May 9, 2008 at 1:15 pm
I have two tables in a SQL 2005 database. One has a row for each data item and day in a period of time and the other has rows for only selected days. I've written a query which joins the two such that for each day I have the specified row from the first table joined to the row in the second table such that it gives me the data for the day in the most recent past relative to the day in the first row.
I know that sounds confusing but it's really pretty straightforward. See the sample queries below. I think they'll illustrate what I am trying to say much better than I can.
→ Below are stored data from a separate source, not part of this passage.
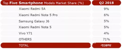 根据Counterpoint提供的数据,2018年第二季度在印度最畅销的五款智能手机占据了29%的市场份额,它们分别是红米5A、红米Note 5 Pro、三星Galaxy J6、红米Note 5以及vivo Y71。可以看到在排名前五的机型中,小米手机占据了三款,其中红米5A是本季度最畅销的机型,而红米Note 5 Pro因其性价比依然需求强劲。
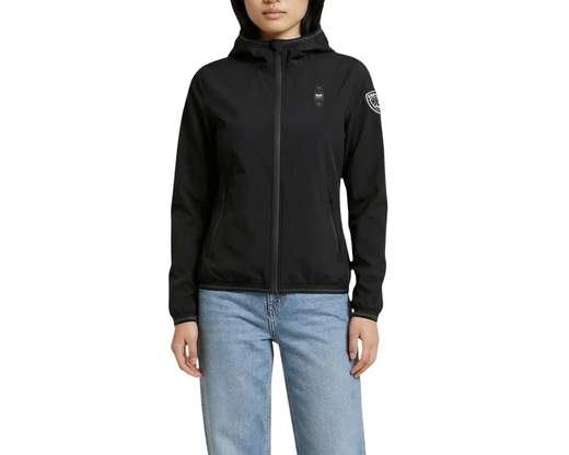 BLAUER GIUBBINO DONNA NAY antivento e antipioggia con cappuccio fisso e cuciture termosaldate. Chiusura e tasche con zip, fettuccia elastica rigata su polsini, fondo e cappuccio, patch e passante con logo.Codice
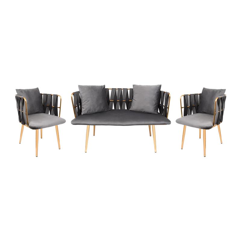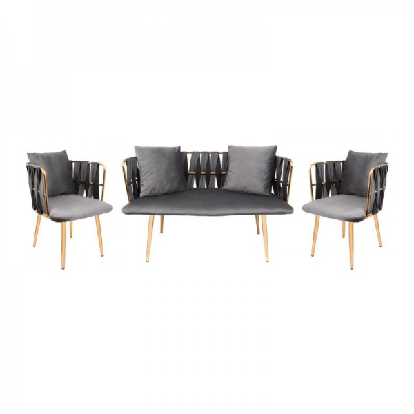 ΣΕΤ ΣΑΛΟΝΙ 3 ΤΕΜΑΧΙΩΝ Fylliana Belt ΜΕ ΜΕΤΑΛΛΙΚΟ ΣΚΕΛΕΤΟ ΚΑΙ ΓΚΡΙ ΧΡΩΜΑ ΥΦΑΣΜΑΤΟΣ

Anyway, the query returns the exact result for which I'm looking but it performs horribly. There are about five million rows in one table and several hundred thousand in the sparse table. I believe the bottleneck is the correlated sub-query. I think it is creating a form of RBAR. Is there anyway to write a similar query without the correlated sub-query? I think the answer lies in windowing functions but I cannot seem to get them to work the way I want.
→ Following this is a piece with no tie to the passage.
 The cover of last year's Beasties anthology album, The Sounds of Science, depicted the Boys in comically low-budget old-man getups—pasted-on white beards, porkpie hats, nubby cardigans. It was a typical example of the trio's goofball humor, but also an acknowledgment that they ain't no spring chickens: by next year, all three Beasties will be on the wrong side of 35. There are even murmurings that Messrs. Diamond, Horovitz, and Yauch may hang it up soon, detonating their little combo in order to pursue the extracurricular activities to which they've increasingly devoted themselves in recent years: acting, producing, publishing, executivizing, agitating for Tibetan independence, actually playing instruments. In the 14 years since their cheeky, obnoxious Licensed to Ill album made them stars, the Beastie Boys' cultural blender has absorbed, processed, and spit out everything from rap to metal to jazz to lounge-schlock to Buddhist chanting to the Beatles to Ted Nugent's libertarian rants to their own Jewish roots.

Any help would be greatly appreciated.
if object_id(N'tempdb..#sparseData') is not null
drop table #sparseData
if object_id(N'tempdb..#drivingTable') is not null
drop table #drivingTable
select 1 as keyid, convert(datetime,'2008-01-01') as dateId
into #drivingTable
union
select 2, '2008-01-02'
union
select 3, '2008-01-03'
union
select 2, '2008-01-04'
union
select 4, '2008-01-04'
union
select 5, '2008-01-05'
union
select 6, '2008-01-06'
union
select 7, '2008-01-07'
union
select 8, '2008-01-08'
union
select 9, '2008-01-09'
union
select 10, '2008-01-10'
select 3 as testVal, convert(datetime,'2008-01-01') as dateId
into #sparseData
union
select 10, '2008-01-05'
union
select 7, '2008-01-08'
select dt.*, sd.dateid, sd.testVal
from #drivingTable dt
inner join #sparseData sd
on sd.dateid = (
select max(dateId)
from #sparseData
where dateId <= dt.dateid
)
May 9, 2008 at 2:12 pm
The only way I can think of to do this more efficiently would be to select the max(sd.DateID) for each dt.DateID in one query, then join that to the sparse data table for the test value.
Something like:
create table #DT (
DTDateID datetime,
SDDateID datetime)
insert into #dt (dtdateid, sddateid)
select dt.dateid, max(sd.dateid)
from drivingTable dt
inner join sparseData sd
on dt.dateid >= sd.dateid
group by dt.dateid
select dt.*, sd.testVal
from #dt dt
inner join sparseData sd
on dt.sddateid = sd.dateid
You could play around with adding indexes to the #DT temp table to get better performance out of it, depending on the number of rows that are going into it. You might also need to include the "KeyID" from the driving table in it, depending on how that works with your data.
Try that, see if it improves things for you.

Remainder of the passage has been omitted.